A hacktivist group with links to Iran’s intelligence agencies is claiming responsibility for a data-wiping attack against Stryker, a global medical technology company based in Michigan. News reports out of Ireland, Stryker’s largest hub outside of the United States, said the company sent home more than 5,000 workers there today. Meanwhile, a voicemail message at Stryker’s main U.S. headquarters says the company is currently experiencing a building emergency.

Based in Kalamazoo, Michigan, Stryker [NYSE:SYK] is a medical and surgical equipment maker that reported $25 billion in global sales last year. In a lengthy statement posted to Telegram, an Iranian hacktivist group known as Handala (a.k.a. Handala Hack Team) claimed that Stryker’s offices in 79 countries have been forced to shut down after the group erased data from more than 200,000 systems, servers and mobile devices.

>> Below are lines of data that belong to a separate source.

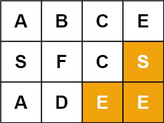 输入:board = [["A","B","C","E"],["S","F","C","S"],["A","D","E","E"]], word = "SEE"
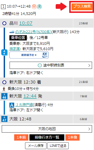 新幹線などの座席種別がある経路をご利用の場合に、あらかじめ利用したい座席の種類を設定して検索したり、プラス検索で座席種類を変更することで、お好みの検索結果を表示することが可能です。
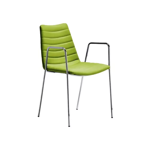 The Cover P M TS upholstered chair with metal armrests merges refinement and elegance with functional design. Its four-leg metal base, in lacquered or chrome finish, supports a comfortable upholstered shell. Fully stackable up to 4 pieces, it is available in a wide range of professional fabrics or faux leather for versatile interiors.
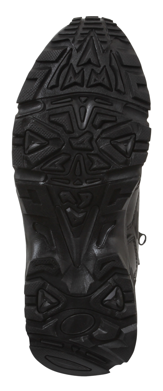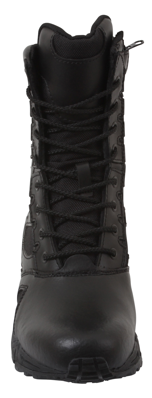 Engineered for comfort and built for action, Rothco’s Forced Entry Deployment Boots with Side Zipper deliver the support, durability, and quick on/off access you need in the field. These 8-inch tactical boots are ideal for military personnel, law enforcement, security professionals, and outdoor adventurers, offering a running shoe feel with rugged duty boot performance. Duty-Ready Performance: Designed for all-day wear, these 8-inch tactical deployment boots combine the lightweight comfort of a running shoe with the rugged durability required for military personnel, law enforcement, and security operations. Superior Traction: The tactical uniform boots feature a slip-resistant mountaineer rubber outer sole that delivers improved grip and traction across a variety of terrain, keeping you stable whether you're on patrol or in the field. Quick Access: A convenient side zipper with hook & loop tab allows for fast removal or entry without unlacing, making these duty boots ideal for rapid response scenarios. Breathable Support for Long Days: Constructed with durable nylon / leather uppers and breathable mesh panels, these 8-inch tactical boots keep your feet cool and dry. The cushioned EVA midsole, steel shank, and padded collar offer superior arch and ankle support for extended wear. Secure Fit: The side zip boots feature a rustproof eyelet lacing system that ensures a tight, customized fit that stays in place throughout intense activity, enhancing support and stability.
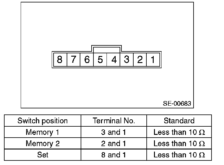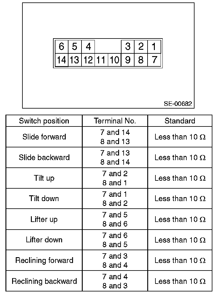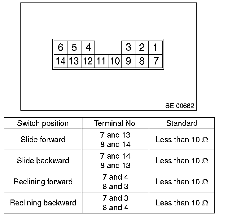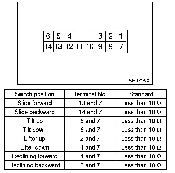 Move each switch and measure the resistance between connector terminals. Driver's seat (without memory)
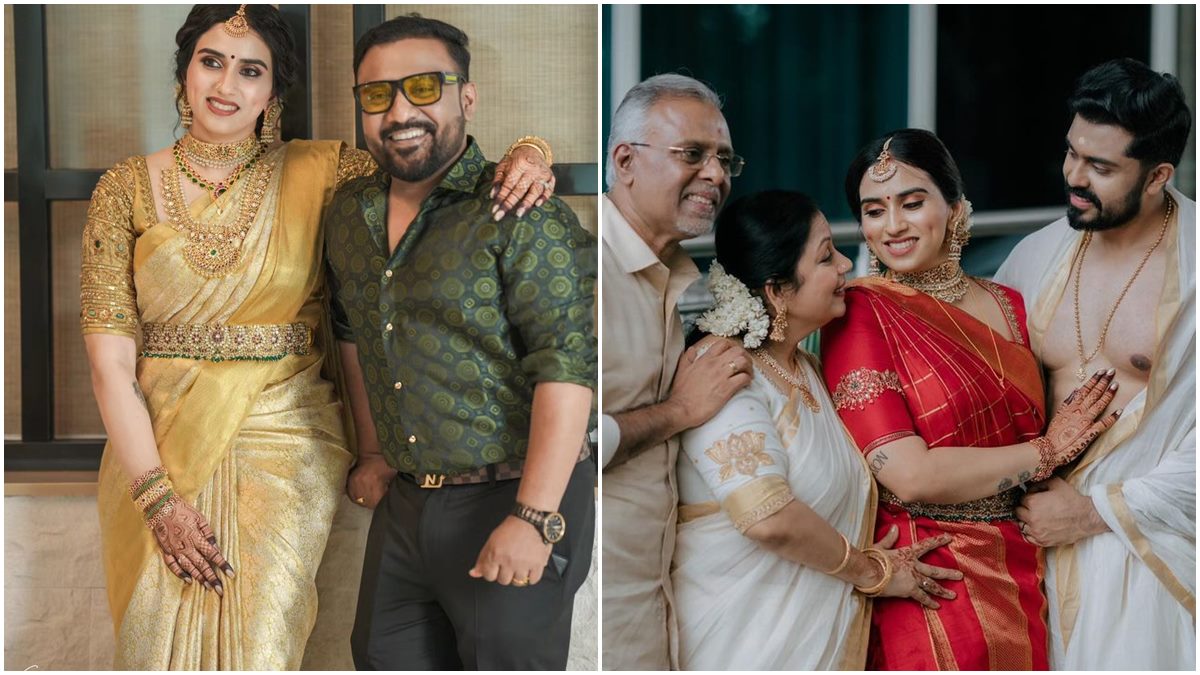 ജയറാമിന്റെ മകൾ മാളവിക ജയറാമിന്റെ വിവാഹം കഴിഞ്ഞ വെള്ളിയാഴ്ചയാണ് നടന്നത്. ഗുരുവായൂരിൽ വെച്ച് നടന്ന വിവാഹം വളരെ ലളിതമായിരുന്നു. അതേ സമയം വിവാഹ വിരുന്ന് ആഡംബരമായി തന്നെ നടന്നു. നിരവധി പ്രമുഖർ ആണ് വിവാഹ വിരുന്നിൽ പങ്കെടുത്തത്. ഇതിന്റെ വീഡിയോ സോഷ്യൽ മീഡിയയിൽ വൈറൽ ആണ്. എല്ലാവരുടേയും ശ്രദ്ധപതിഞ്ഞത് മാളവികയുടെ ലുക്കിലാണ്.

“All the acquired data is now in the hands of the free people of the world, ready to be used for the true advancement of humanity and the exposure of injustice and corruption,” a portion of the Handala statement reads.

The group said the wiper attack was in retaliation for a Feb. 28 missile strike that hit an Iranian school and killed at least 175 people, most of them children. The New York Times reports today that an ongoing military investigation has determined the United States is responsible for the deadly Tomahawk missile strike.

Handala was one of several Iran-linked hacker groups recently profiled by Palo Alto Networks, which links it to Iran’s Ministry of Intelligence and Security (MOIS). Palo Alto says Handala surfaced in late 2023 and is assessed as one of several online personas maintained by Void Manticore, a MOIS-affiliated actor.

Stryker’s website says the company has 56,000 employees in 61 countries. A phone call placed Wednesday morning to the media line at Stryker’s Michigan headquarters sent this author to a voicemail message that stated, “We are currently experiencing a building emergency. Please try your call again later.”

A report Wednesday morning from the Irish Examiner said Stryker staff are now communicating via WhatsApp for any updates on when they can return to work. The story quoted an unnamed employee saying anything connected to the network is down, and that “anyone with Microsoft Outlook on their personal phones had their devices wiped.”

“Multiple sources have said that systems in the Cork headquarters have been ‘shut down’ and that Stryker devices held by employees have been wiped out,” the Examiner reported. “The login pages coming up on these devices have been defaced with the Handala logo.”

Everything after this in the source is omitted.